I've found that some of the time, you can get round this by doing an iisreset, but on other occasions you have to restart Visual Studio and there have been frequent times when I've even had to reboot the computer altogether because some mystery process has locked the file. When I don't use the debugger, on the other hand, everything works just fine.
Does anyone know of a simpler way of debugging workflows than this?
I've got a lot faster developing SharePoint-Solutions in general (not only Workflows) when i started using WSPBuilder. WSPBuilder has a Visual Studio Addin called WSPBuilder Extensions and in my opinion the WSPBuilder Extensions do a better job than the infamous Windows SharePoint Services 3.0 Tools: Visual Studio 2008 Extensions, Version 1.2. Thanks to the WSPBuilder Menu deploy/upgrade/uninstall of a solution is just one click away!
The SharePoint team is currently working on MOSS extensions for VS 2008 which will allow this type of functionality. This was available in VS 2005 with MOSS extensions, but has to be run off Windows Server with a full MOSS installation and the correct permissions set.
One thing that would really help is if the SharePoint team provided interfaces for the SP-specific workflow services needed to run SP workflows.

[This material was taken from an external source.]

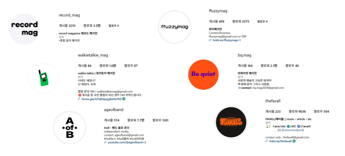 아카이빙과 큐레이팅을 기반으로 취향을 전시하는 채널이 많다 보니 음악을 주제로 한 매거진 계정(이하 음악 매거진)도 많다.

This would allow you to mock those interfaces and run the workflows outside of SP proper. AFAIK, you can't do that today.
I've personally found SharePoint extremely painful to develop against... not just with workflows, but overall. I understand the administrative wins and the end user productivity, but it's a fairly dreadful experience for Joe .NET Developer.

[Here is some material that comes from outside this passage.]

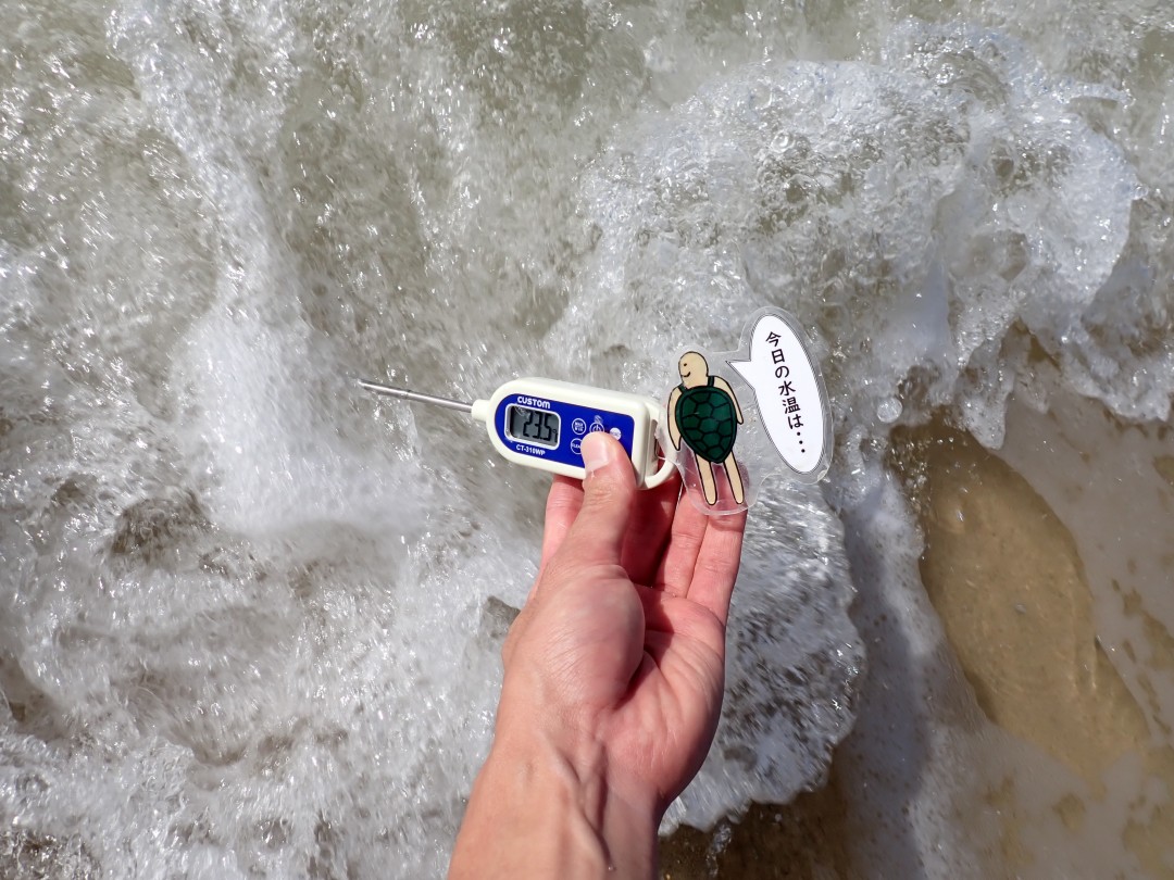波打ち際の水温は23.5℃。

As for speeding up the IIS reset, Andrew Connell has some tips here as well
http://www.andrewconnell.com/blog/archive/2006/08/21/3882.aspx
This brought my IIS reset time from 10+ seconds down to less than 2 seconds.
I'm not sure you need to get the pdb file into the GAC. (At least, the fix I'm about to describe works just fine for debugging SharePoint web parts in VS2005, which have a similar problem.)
There's a checkbox marked "Enable Just My Code (Managed Only)" in Tools-->Options-->Debugging; if you uncheck it, then Visual Studio will happily load your pdb's from the bin\Debug folder where it built them. Probably. Can't hurt to try, anyhow...
Check out STSDev on CodePlex by SharePoint MVPs like Ted Pattison, Andrew Connell, Scot Hillier, and more.
STSDEV is a proof-of-concept utility application which demonstrates how to generate Visual Studio project files and solution files to facilitate the development and deployment of templates and components for the SharePoint 2007 platform including Windows SharePoint Services 3.0 (WSS) and Microsoft Office SharePoint Server 2007 (MOSS). Note that the current version of the stsdev utility only supports creating projects with the C# programming language.